Regarding testimonies from returnees, particularly women, Al Hantafi pointed to documented cases of forced searches and degrading interrogations that rise to the level of cruel, inhuman, and degrading treatment, which is categorically prohibited under international law. He said these practices violate the principle of non discrimination and place direct legal responsibility on the authorities controlling the crossing for any psychological or physical harm inflicted.
Al Hantafi proposed the adoption of a written and unified crossing protocol that guarantees transparency and the right to appeal, an end to humiliating searches, the establishment of an independent oversight mechanism to receive complaints and document violations, and the formalisation of binding humanitarian corridors for patients, students, and family reunification, free from political coercion.

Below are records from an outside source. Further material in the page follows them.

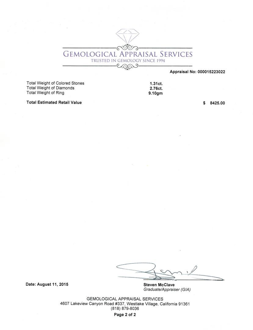 Not all Jewelry, watches or loose stones are appraised and the appraisals are provided for bidders only in certain instances at the discretion of SAA. Our appraisals are conducted by independent third-party appraisal firms. Such firms may be certified GIA Gemologists or have education in the industry or alternative certifications. Appraisals should be used for verification of gemstone and/or metal weight, size, and grade only, not actual value for resale or insurance purposes. Appraisal value should be not considered for actual value, as price varies greatly from retail locations and other merchants in different geographic locations. All Items auctioned by SAA should not be purchased with a view or expectation toward resale for appraisal price given, or to make a profit. The ultimate value for which an item can be resold may vary drastically from the appraisals listed by SAA.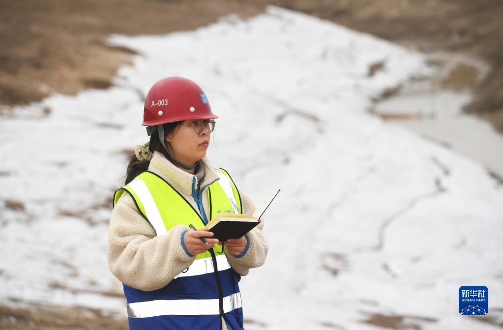 杨鑫博在雄安唐河河谷郊野公园项目现场工作(2月15日摄)。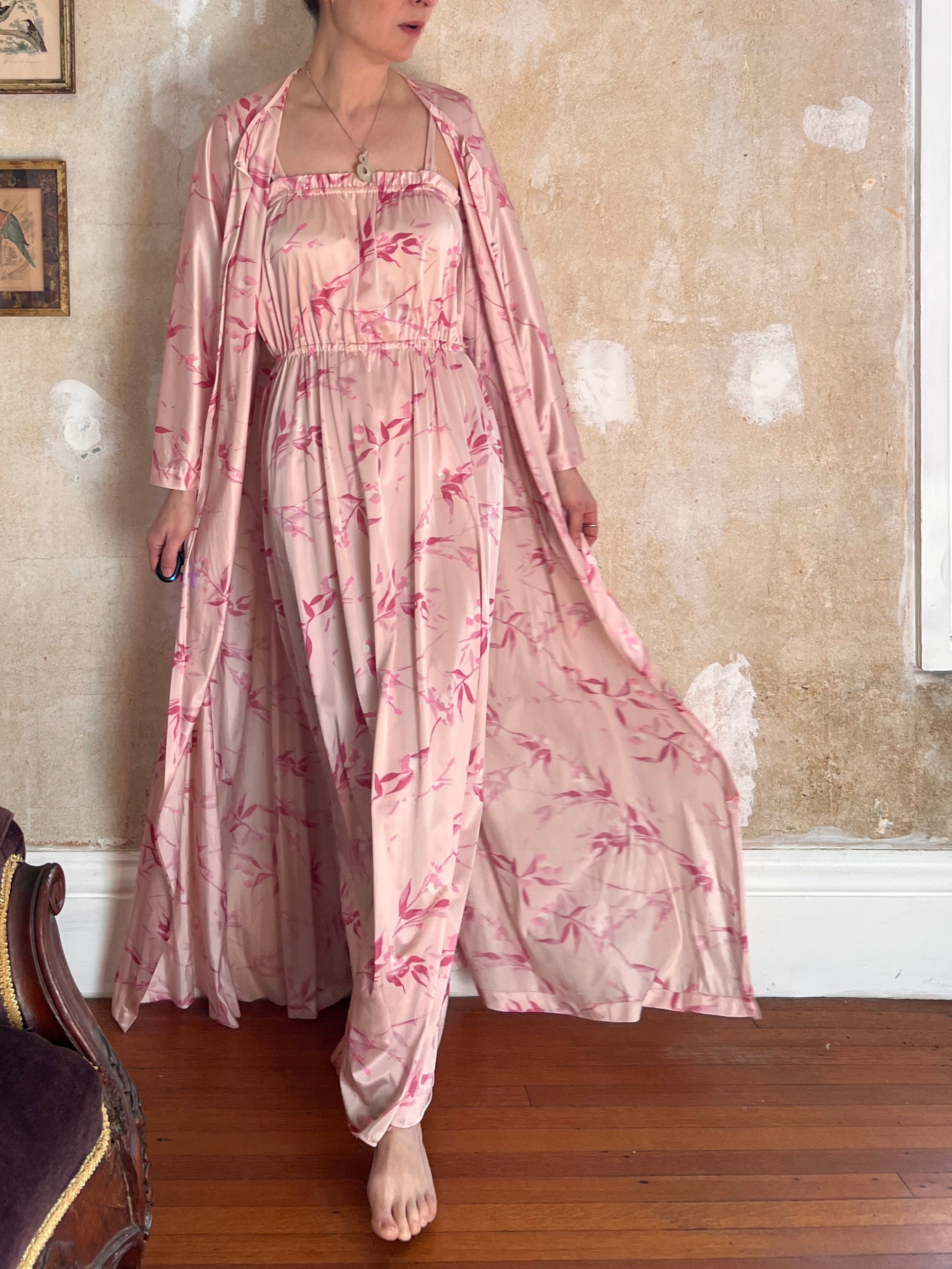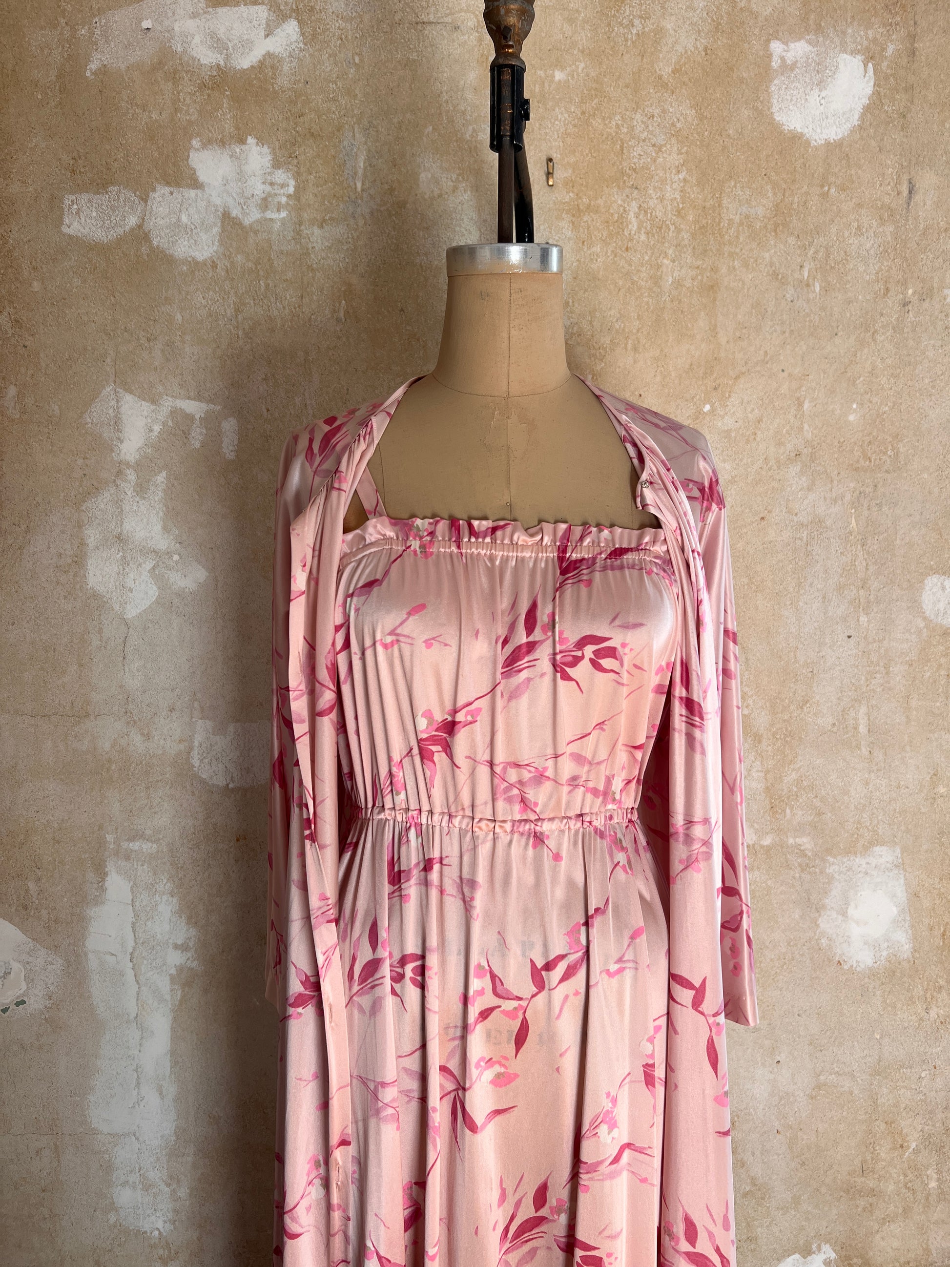 Cute floral peignoir by Vanity Fair. Thin strap nightgown with slight empire elastic waist and ruffled neckline with a long sleeve button front robe. 100% Nylon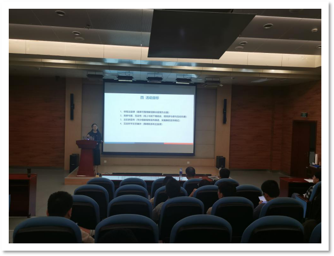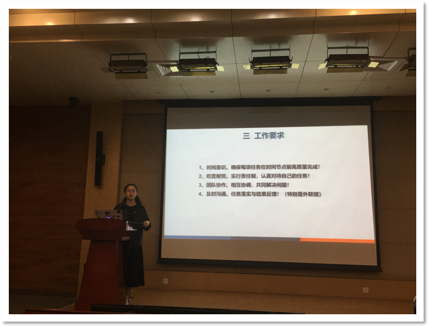 接下来由朱玥玮对会议内容再次进行了强调,对于本次各项目组成员的工作要求,提高时间意识和发扬吃苦耐劳精神等,并提出了本次活动目标,一定充分借助各宣传渠道,并体现本次活动的主旋律。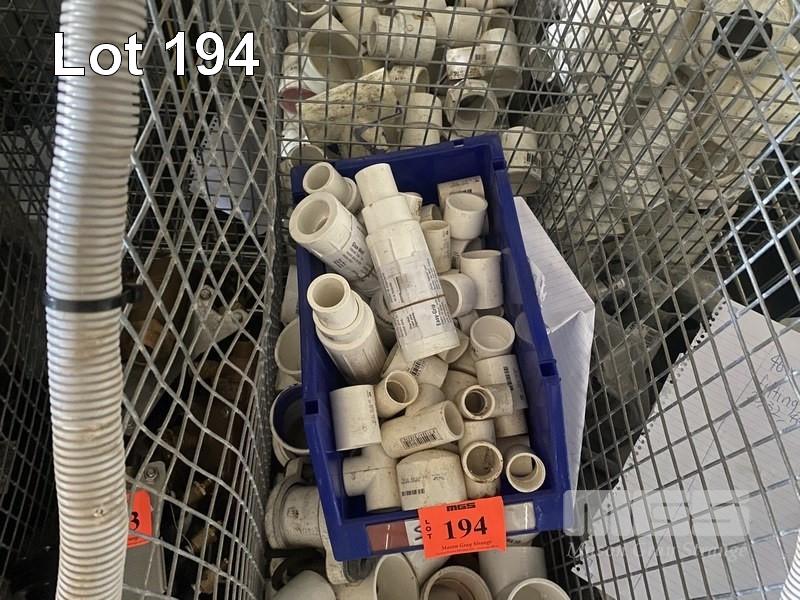 ASSORTED PVD FITTINGS, 25 & 20mm, 5 x SLIP COUPLING REPAIR JOINTS, 25mm, 44 x GLUED SOCKETS, 25mm, 4 x PVC T PRESSURE PIPE, 25mm, 42 x PVC GLUED FITTINGS, 50mm & 124 x PVC GLUED PRESSURE FITTINGS, 40 & 50mm

Crisis Management, Not a Political Solution
In the broader political context, Palestinian and American affairs analyst Tawfiq Taameh said that the Rafah crossing has never been treated as a purely humanitarian gateway, but rather as a tool of leverage and control. A ceasefire, he explained, does not signify the end of conflict or address its root causes, but is often used to buy time and rearrange positions.
He noted that partial opening achieves a delicate equation: easing humanitarian pressure enough to prevent explosion, without fully lifting the siege in a way that would strip influential actors of their leverage. An opening sufficient to absorb international anger, but not enough to break restrictions or enable Gaza economically and politically.
Taameh warned that this reality undermines the credibility of mediation and transforms it from peace efforts into crisis management. The crossing, in its current form, resembles a valve controlling collective breathing, opened and closed according to political calculations rather than human needs, remaining a witness to the absence of a political solution, not a gateway to a new phase.